What IScreenObject defines

IScreenObject inherits from two other interfaces and adds its own members on top:

IPositionable: provides Position, PositionChanging, and PositionChanged.
IComponentHost: provides SadComponents, GetSadComponent<T>, GetSadComponents<T>, and HasSadComponent<T>.

On top of those, IScreenObject defines:

Position and layout: AbsolutePosition, IgnoreParentPosition
Object graph: Parent, Children
Lifecycle flags: IsVisible, IsEnabled
Input flags: UseKeyboard, UseMouse, IsFocused, IsExclusiveMouse, FocusedMode
Ordering: SortOrder
Loop methods: Update(TimeSpan), Render(TimeSpan)
Input methods: ProcessKeyboard, ProcessMouse, LostMouse
Focus callbacks: OnFocused(), OnFocusLost()
Position utility: UpdateAbsolutePosition()
Events: IsVisibleChanged, IsEnabledChanged, ParentChanged, Focused, FocusLost

ScreenObject implements all of this and adds virtual overrides so you can hook into each part of the lifecycle in a subclass.

Position: relative and absolute

Every screen object has two aspects to its position.

Relative position

The Position property holds the object’s position relative to its parent. When you place an object at (5, 3) and its parent is at (10, 10), the object draws at (15, 13) in screen space.

ScreenSurface parent = new(40, 20);
parent.Position = new Point(10, 10);

ScreenSurface child = new(10, 5);
child.Position = new Point(5, 3);  // Draws at (15, 13) on screen

parent.Children.Add(child);

Absolute position

The AbsolutePosition property holds the resolved pixel-space position after accounting for the parental hierarchy. SadConsole recalculates this automatically when Position changes or when the parent moves. Call UpdateAbsolutePosition() manually if you need to force a recalculation outside of normal updates.

Ignoring parent position

Set IgnoreParentPosition = true to decouple an object from its parent’s position. The object treats (0, 0) as the top-left corner of the screen and positions itself accordingly. This is useful for overlays or UI elements that stay fixed on screen while their parent moves.

ScreenSurface overlay = new(80, 25);
overlay.IgnoreParentPosition = true;
overlay.Position = new Point(0, 0);  // Always top-left of screen

Parent-child relationships

All screen objects connect to each other through the Parent property and the Children collection. Adding an object to Children automatically sets its Parent:

ScreenObject root = new();
ScreenSurface panel = new(20, 10);

root.Children.Add(panel);
// panel.Parent is now 'root'

The SadConsole engine calls Update and Render on the root object (GameHost.Instance.Screen) each frame, then propagates those calls down the entire child tree automatically. You don’t call Update or Render on children yourself—just add them to the hierarchy.

Sort order

Children render in the order they appear in the Children collection by default. The SortOrder property provides a numeric hint for manual sorting.

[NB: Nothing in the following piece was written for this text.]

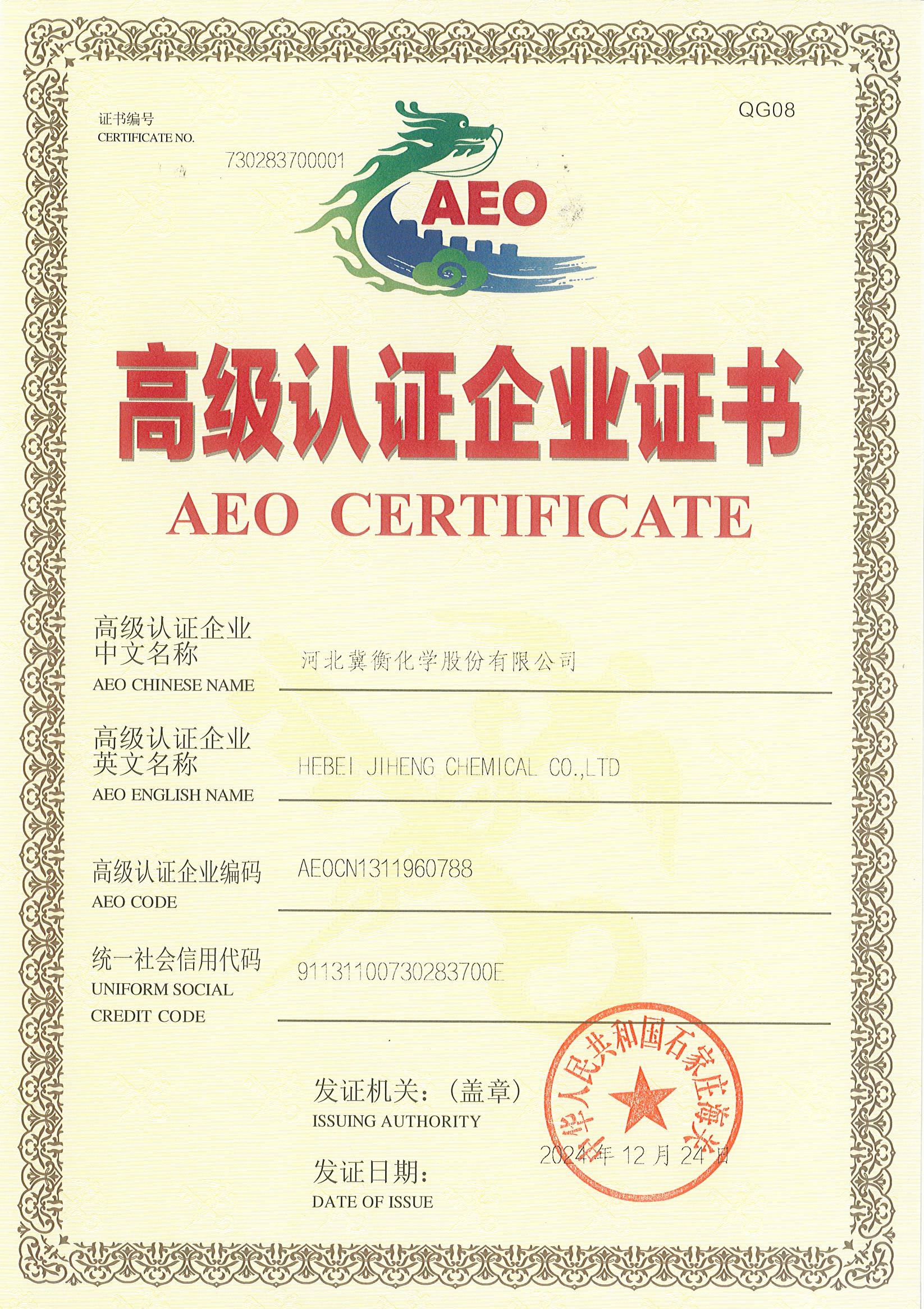 近日,河北冀衡化學股份有限公司取得了中華人民共和國石家莊海關頒發的《AEO高級認證企業證書》,公司被認證為AEO高級認證企業。

Call Children.Sort() to reorder children by their SortOrder values when you need custom depth control.

Visibility and enabled state

Two independent flags control whether an object participates in the frame loop:

Property	Controls
`IsVisible`	Whether `Render` runs on this object and its children.
`IsEnabled`	Whether `Update` runs on this object and its children.

Both default to true. Setting IsVisible = false hides the object and all its children without removing them from the hierarchy. Setting IsEnabled = false pauses updates without affecting rendering.

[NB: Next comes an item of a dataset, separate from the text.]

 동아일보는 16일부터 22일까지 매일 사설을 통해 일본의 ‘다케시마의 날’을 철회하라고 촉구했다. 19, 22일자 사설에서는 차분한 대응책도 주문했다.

ScreenSurface panel = new(20, 10);
panel.IsVisible = false;   // Hidden, not rendered
panel.IsEnabled = false;   // Paused, not updated

Both properties fire change events (IsVisibleChanged, IsEnabledChanged) and call virtual protected methods (OnVisibleChanged, OnEnabledChanged) that you can override in a subclass.

The update and render loop

SadConsole drives each frame by calling Update(TimeSpan) and Render(TimeSpan) on the root object. Both propagate through the child hierarchy automatically.

Update runs when IsEnabled is true. It processes all update-capable components and then calls Update on each child.
Render runs when IsVisible is true. It processes all render-capable components and then calls Render on each child.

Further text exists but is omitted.